Cloudflared with Unix socket via docker-compose in Docker

Is there documentation for the official cloudflare/cloudflared image on Docker Hub? I can’t find a link to the Dockerfile or any docs detailing the environment variables available in the containerized version. For now, I’m trying to adapt this example from Ingress Rules:

# Example of a request over a Unix socket:  
- hostname: staging.example.com    
  service: unix:/home/production/echo.sock

I get this error:

ERR  error="Unable to reach the origin service. The service may be down or it may not be responding to traffic from cloudflared: dial tcp: lookup unix on 127.0.0.11:53: server misbehaving" cfRay=xxxxxxxxxxxxxxxxx-LAX originService=http://unix:/home/production/nginx.http.sock

The service is running and works via reverse-proxy. Cloudflared works when pointed at my port 80 services not running socketed. Not sure if I have a syntax error, wrong command, wrong variable name, or something else.

Here’s my Docker Compose:

docker-compose.yml
version: '3.3'
services:

  cloudflared:
    image: cloudflare/cloudflared:2021.11.0-amd64
    networks:
      - whatever
    container_name: cloudflared-$HOST_3
    user: root
    command: tunnel
    environment: 
        - TUNNEL_HOSTNAME=${THE_HOSTNAME}
        - TUNNEL_URL=unix://home/production/nginx.http.sock
        - TUNNEL_TRANSPORT_PROTOCOL=auto
    volumes:
        - ${PWD}/cloudflare:/root/.cloudflared # bind mount with cert.pem in it

networks:
  whatever:
    external: true

Another thread mentioned the transport protocol. I’m not sure which it’s supposed to be on, but I tried all of them (quic, auto, etc.).

Open to ideas.

Hello.

The Dockerfile is here: cloudflared/Dockerfile at master · cloudflare/cloudflared · GitHub

Your syntax for reaching out to a Unix socket is correct in the example.
Can you test reachability to your service from within the pod itself (e.g. with netcat) via the same Unix socket?

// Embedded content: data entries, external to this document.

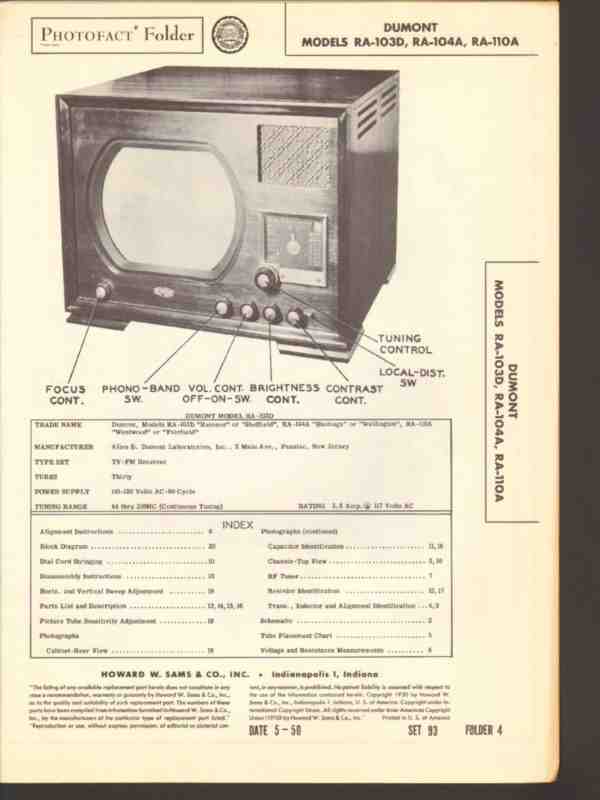dumont model ra-103d 104a 110a fm tv receiver sams photofact manual
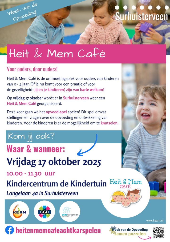 😀Op vrijdag 17 oktober is er in Surhuisterveen een Heit & Mem Café in het teken van de Week van de Opvoeding.
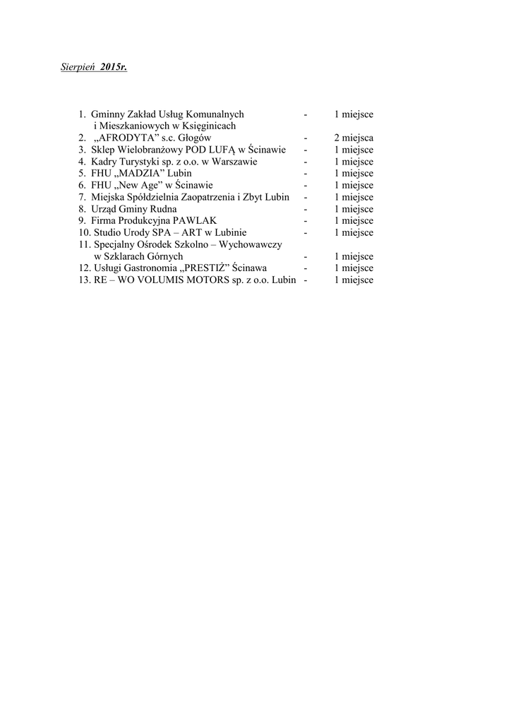 Sierpień 2015r. 1. Gminny Zakład Usług Komunalnych i Mieszkaniowych w Księginicach 2. „AFRODYTA” s.c. Głogów 3. Sklep Wielobranżowy POD LUFĄ w Ścinawie 4. Kadry Turystyki sp. z o.o. w Warszawie 5. FHU „MADZIA” Lubin 6. FHU „New Age” w Ścinawie 7. Miejska Spółdzielnia Zaopatrzenia i Zbyt Lubin 8. Urząd Gminy Rudna 9. Firma Produkcyjna PAWLAK 10. Studio Urody SPA – ART w Lubinie 11. Specjalny Ośrodek Szkolno – Wychowawczy w Szklarach Górnych 12. Usługi Gastronomia „PRESTIŻ” Ścinawa 13. RE – WO VOLUMIS MOTORS sp. z o.o. Lubin - 1 miejsce - 2 miejsca 1 miejsce 1 miejsce 1 miejsce 1 miejsce 1 miejsce 1 miejsce 1 miejsce 1 miejsce - 1 miejsce 1 miejsce 1 miejsce

Okay, because I’m launching the containerd container in a separate docker-compose from the service container, it is not automatically linking to the container with the service, even though they are on the same docker network. In the error message in the OP, it’s failing on the 127. network, but the specified network has a 172. IP range.

What I still can’t figure out is how to tell the containerd container to use the unix socket in the service container. If I use something like this in docker-compose, it gets the right container/service:

        - TUNNEL_URL=CONTAINER-NAME//unix:/home/production/echo.sock

Then the error changes to:

traffic from cloudflared: dial tcp 172.23.0.3:80: connect: connection refused" ... originService=http://CONTAINER-NAME//unix:/home/production/echo.sock

That IP is the correct one for the service, but it looks to me like it no longer looks for the socket, and the container rejects it because port 80 isn’t open on the container.